Pheasant.  More pheasants have been reported around Illahee.  We saw this one on the beach and just barely got this photo; and, while working in the garden the other day, we heard a bicycler yell at a pheasant he almost hit on Illahee Road.

2014-04-27 Misc 019 
Osprey.  We haven’t seen many osprey around here, but a number of residents saw one last week that was evidently looking for fish, with a neighbor reporting one went from up high in a fir tree diving way under the water and came up with a fairly good sized fish.

 
Seals.  We are amazed at the number of harbor seals around here.  There were about 20 of them on this float the other day, with another one trying to decide where to get on.
2014-04-27 Misc 025 
Deer.  We receive emails from those who love the deer here and those who would like to have them thinned out.  And we hear from gardeners who spend lots of money trying to keep the deer out.  The last few years the deer won the garden battles here, eating roses, young grafted apple trees, all the raspberries, and much of the garden, and they won the first go around this year, but so far not the second.
 
Grants.  We heard this week the Coastal Protection Fund grant application we helped with was not successful.  We are hoping for better news on other grants, including the one the Park’s Department is preparing called “The Lost Continent of Illahee, Phase 2” that is due on May 1, 2014.  This is a follow-on grant to a Lost Continent of Illahee (Phase 1) grant many years ago that resulted in about 90 acres being added to the Illahee Preserve.
 
Utility Questions.  We have had several inquiries about the utility markings at the bottom of Roosevelt Street.  It appears to us to be preparation for a project that goes all the way up Roosevelt since the markings extend up the hill, and should be on a Public Works website, but we couldn’t find it. Let us know if you know what it is.
2014-04-27 Misc 034 
Preserve Trail Map Help?  We have been asked if there is anyone who could help verify the GPS location of trails in the Illahee Preserve as it has been many years since the waypoints were established as part of the earlier maps.  There are also some new and modified trails that weren’t on the old maps.  Let us know if you can help and we will pass your name on to the trail map volunteers.
 
Killdeer Update.  It evidently didn’t go well with the killdeer eggs we showed in an earlier update.  Below is the feedback we received.
2014-04-10 Misc 006 
A day or so (or so)  after you took the picture, 3 of the eggs were gone with no sign of the shells or young ones. On the same day a few hours later the remaining egg was gone, again no shell remains or a chick. In the past I’ve been fortunate to get pictures of recently hatched chicks and it seems that shell remains disappear fast and it also seemed that the young ones leave the nest fast. In the past, I have seen mom (and or pop) with the young on the beach. The young grow fast.
 
Jim Aho

Illahee 10/30/13 Scoters, Sea Lions, Seals, Illahee Film Showing, Weather Station, Mushrooms

Scoters.  The winter mix of ducks have begun arriving in Illahee.  The Surf Scoter is a deep diving sea duck that eats shellfish whole which is probably why they are around here every winter.  These were sighted off the Illahee State Park dock last week.

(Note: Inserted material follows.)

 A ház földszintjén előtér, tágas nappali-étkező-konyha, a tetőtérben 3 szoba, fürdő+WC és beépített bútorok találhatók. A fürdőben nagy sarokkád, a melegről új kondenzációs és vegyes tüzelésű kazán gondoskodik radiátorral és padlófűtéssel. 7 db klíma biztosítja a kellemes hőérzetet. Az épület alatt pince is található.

Sea Lions.  We were sent some film clips of a sea lion eating salmon off of Point White.  We were able to get just one still photo from the clip as it seemed to be throwing the salmon up in the air and then trying to catch it.
Seals.  There seems to be no lack of seals this year, so many that they almost submerge a local float.
Illahee Film Showing.  The Illahee film is showing on Saturday (11/2/13) with some other great salmon films and they have presold over 200 seats, so if you are interested it is recommended you prepurchase your tickets.  Information on the film showing is in previous updates that can be seen on the illaheecommunity.com website.
Weather Station.  We are having problems with the Illahee weather station, the webcam, and some of the time-lapsed postings.  The weather station’s solar cell was having problems with its battery after so many days of fog.  The webcam has been having problems with the USB connection points.  They are being worked on when our volunteer IT person is available.

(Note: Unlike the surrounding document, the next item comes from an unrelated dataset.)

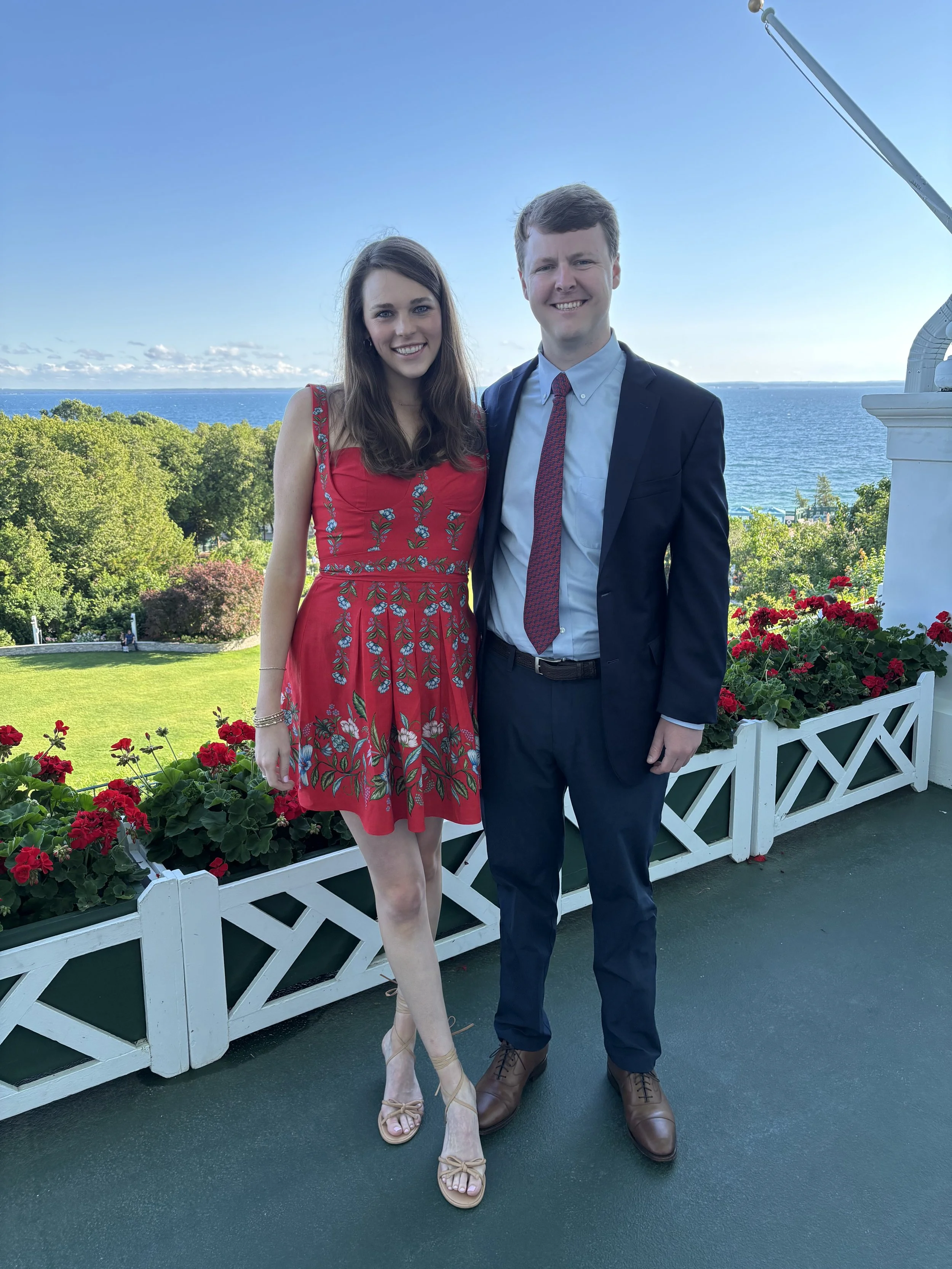 A young man and woman standing outdoors, smiling, with green bushes in the background. The man has brown hair and is wearing a blue vest over a light blue checkered shirt. The woman has long brown hair and is wearing a white dress with a floral patte

Mushrooms.  There are many mushroom photos that have come in recently, along with one taken at the mushroom show last Sunday showing some poisonous ones.  Here are a few of them, thanks to Sally.

Jim Aho

Illahee 10/16/13 Illahee Film Showing, Seals, Pigeons, Kingfishers, Deer, Mushrooms

Illahee Film Showing.  The film “Illahee – Saving Puget Sound One Watershed at a Time” will be part of a series of salmon films to be shown on Saturday, November 2nd, in Tacoma at the Broadway Center for Performing Arts.  We just heard nearly 100 tickets have already been sold and at that rate it will likely be a sell out, so if you haven’t seen the film this is another opportunity.  Discount tickets are available.  See the attached flyer for all the details. 

Seals.  The other day we noted someone reporting seeing 13 seals on a float.  Not to be outdone, the float in the photo below has 21 seals on it with at least one more swimming around, probably trying to figure out it there is room for one more.
We do have lots of seals in the area so when we see a dead one, like we have seen several times this year, we are to report them. See the response we received after posting a picture of a dead seal in our last update.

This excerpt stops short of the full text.